The mission consists of a the Carrier, Relay, Imaging Spacecraft (CRIS) and the Descent Sphere (DS) that will plunge through the planet’s thick atmosphere, making precise measurements of noble gases and other elements to understand why Venus’ atmosphere is a runaway hothouse compared the Earth’s.

DAVINCI will also return the first high resolution pictures of the unique geological features on Venus known as “tesserae,” which may be comparable to Earth’s continents, suggesting that Venus has plate tectonics.

The CRIS spacecraft carries two science instruments:

  • Venus Imaging System for Observational Reconnaissance (VISOR): a suite of four cameras. It contains flight-proven components from the OSIRIS-REx TAGCAMS navigation cameras. One camera will be sensitive to ultraviolet light to track cloud motions in the atmosphere. Additionally, a suite of three cameras sensitive to near-infrared light will be able to identify surface composition at regional scales by analyzing near-infrared heat emission from the surface when the spacecraft is over the night side of Venus. Since rock composition can be influenced by water, these images will give clues to how ancient oceans may have shaped the crust of Venus. The camera suite will provide the first compositional maps of Ishtar Terra, the high latitude “continent” on Venus with a range in height of up to 11 kilometers. Ishtar may be the last manifestation of a kind of plate tectonics on Venus that shut off when the oceans dissipated about one billion years ago.
  • Compact Ultraviolet to Visible Imaging Spectrometer (CUVIS): a technology demonstration build by NASA Goddard that features new freeform mirror technology and artificial intelligence / machine-learning capabilities to enable new UV hyperspectral and high-spectral-resolution spectroscopy. CUVIS will make high resolution measurements of ultraviolet light using a new instrument based on freeform optics. These observations will be used to determine the nature of the unknown ultraviolet absorber in Venus’ atmosphere that absorbs up to half the incoming solar energy.
  • The DS probe will contain five instruments. Two of them – the Venus Mass Spectrometer (VMS) and the Venus Tunable Laser Spectrometer (VTLS) – will undertake the first complete compositional study of the entire cross-section of Venus’ atmospheric gases, searching for clues as to how, when, and why Venus’ climate may have changed so dramatically. The third instrument, the Venus Atmospheric Structure Investigation (VASI), will measure the pressure, temperature, and winds from about 70 kilometers in altitude to the surface at 10 times higher resolution (or more) than any previous Venus probe. After the probe drops under the thick cloud layer, the Venus Descent Imager (VenDI) instrument will take hundreds of near-infrared images of the Alpha Regio highlands, which the team will use to make maps of topography and composition. These images will show landscapes unique to Venus at the high resolutions typical of landers (near the surface).

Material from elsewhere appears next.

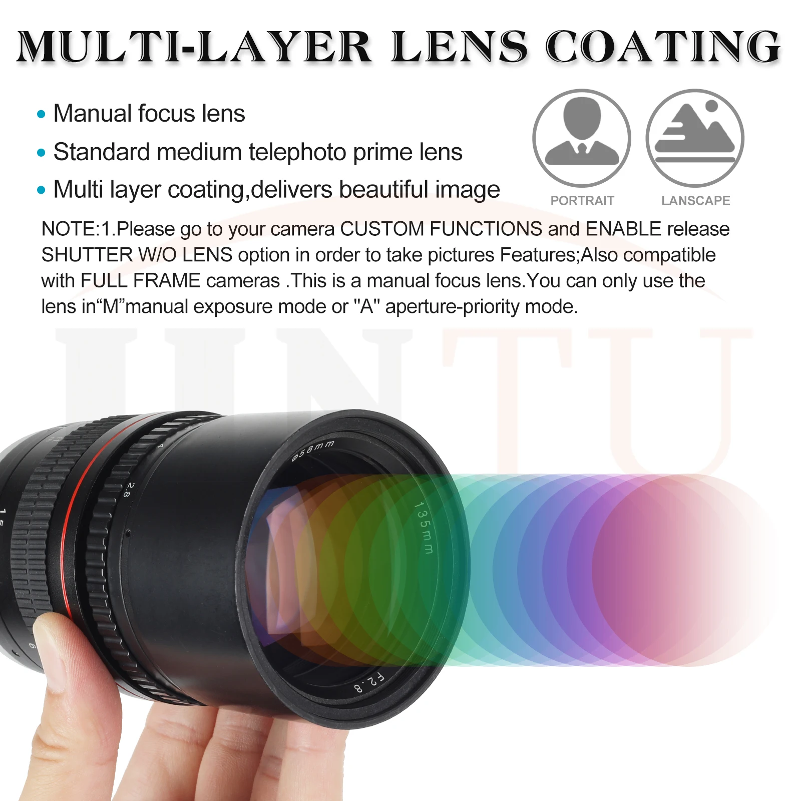 Este 135 mm f/2,8 de jintu está diseñado para cámaras DSLR Canon con montura EF.Su corta distancia focal de teleobjetivo lo hace ideal para aplicaciones de retratos, y la rápida apertura máxima de f/2.8 ofrece un amplio control sobre la profundidad de campo y también permite trabajar en condiciones de iluminación difíciles.Un Super Multi-Coating HD también se ha aplicado a elementos individuales para minimizar los destellos y las imágenes fantasma para mejorar el contraste y la neutralidad del color al disparar en situaciones brillantes o retroiluminadas.Además, el diseño de enfoque manual ofrece un control preciso sobre la posición de enfoque y un diafragma de seis hojas contribuye a una calidad bokeh agradable para mejorar aún más la profundidad superficial de las imágenes de campo.
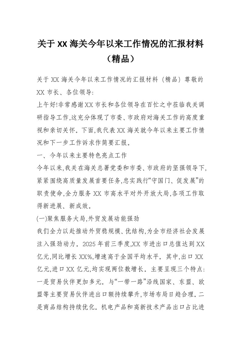 关于XX海关今年以来工作情况的汇报材料(精品)

    The DS instruments are:

    • Venus Mass Spectrometer (VMS): leverages recent successful mass spectrometer designs, including the Mars Science Laboratory/Sample Analysis at Mars (MSL/SAM) quadrupole mass spectrometer (QMS).
    • Venus Tunable Laser Spectrometer (VTLS): draws flight heritage from the MSL/SAM’s Tunable Laser Spectrometer (TLS).
    • Venus Atmospheric Structure Investigation (VASI): design heritage from previous atmospheric entry probes for measuring pressure, temperature, and acceleration.
    • Venus Descent Imager (VenDI): heritage from MSL MastCam/MARDI and OSIRIS-Rex NavCams with large-pixel CCD detector for maximal signal-to-noise (S/N).
    • Venus Oxygen Fugacity Student Collaboration Experiment (VfOx): a solid-state Nernstian ceramic oxygen sensor with heritage from high-temperature industrial sensors.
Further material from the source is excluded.